Поэт, обитающий «там», высоко где-то... Белый отложной воротничок Ленского-Собинова. Черный, свободно висящий тонкий шелковый шарф вместо галстука магазинного и для Попова всегда вульгарного. Глуховатый голос, тембр которого создан для того, чтобы делиться со слушательницами своими мечтами, дамами, девицами!

Степан Петрович Верховенский в эпоху конца империи! Мечты создать прекрасное!

«Все это «штучки», «забавки», приятные пустячки „мирискусников“»,— говорил Борис Петрович нашим девицам из мастерской. Высокий стиль. Благородные формы итальянцев Возрождения! Видения Пуссена! Формы, насыщенные «духом»! «Мадонна Кастельфранко» Джорджоне! Видения Беллини!

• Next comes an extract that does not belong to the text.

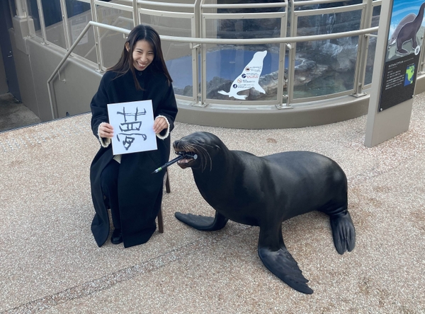 手に持った色紙にアシカが書き上げる、「「アシカの一筆入魂!」を開催いたします。その場で「辰」・「笑」・「海」など、約10種類の文字の中からお好きな一文字を選んでいただき、目の前でアシカの力強い筆さばきをご覧いただけます。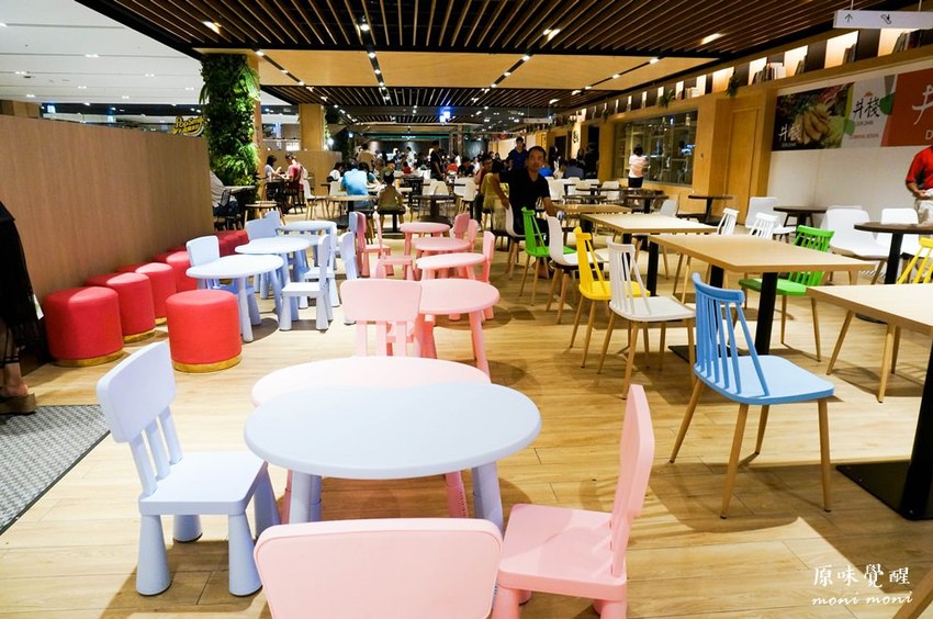 中間美食用餐區,多了小朋友的可愛繽紛座椅,實在很用心呢!!

Только это! Не меньше!.. И надо рисовать, рисовать, рисовать! Учиться! Но не в академиях изучать шаблоны, а найти свои пути! Свое чувство формы.

Священная простота Искусства! Разве ему выучат «профессора»! В природе самого «обучения» искусству лежит поощрение старательности, многодельности и, конечно, прививка чего-то средненького, общепринятого!

Девушки из мастерской, героини сладкого романа Вениамина Каверина! Как вы разочаруетесь, увидев этого загорелого плантатора, персонажа из романа Джека Лондона!

Попов на мусорной площади вокзала снял торбу с овсом с морды лошади. Взнуздал ее. Подтянул подпругу — и мы сели.

Борис Петрович хлыстанул по крупу лошади!

Девушки! Девушки из мастерской на Васильевском острове, открытой княгиней М. Д. Гагариной в честь своего свекра-художника и друга великого Карла Брюллова,— не падайте в обморок!

— Да,— сказал Борис,— наступила иная эпоха! Может быть, все к лучшему. Надо когда-то выбросить столько мусора глупейших идей, которые облепили искусство! Художник должен иметь полную материальную независимость. В нашу эпоху надо вдуматься, суметь в ней найти себя. Да, я сам теперь пашу землю, сам сажаю картошку, капусту. Пока еще только свинью не завел... Буду есть «свое» и создавать тоже только свое! К черту все указки!

Пейзаж холмистый. Пашни, перелески, нет однообразия... Погоди, погоди, подъедем к Шелони, там рельеф земли будет еще интересней!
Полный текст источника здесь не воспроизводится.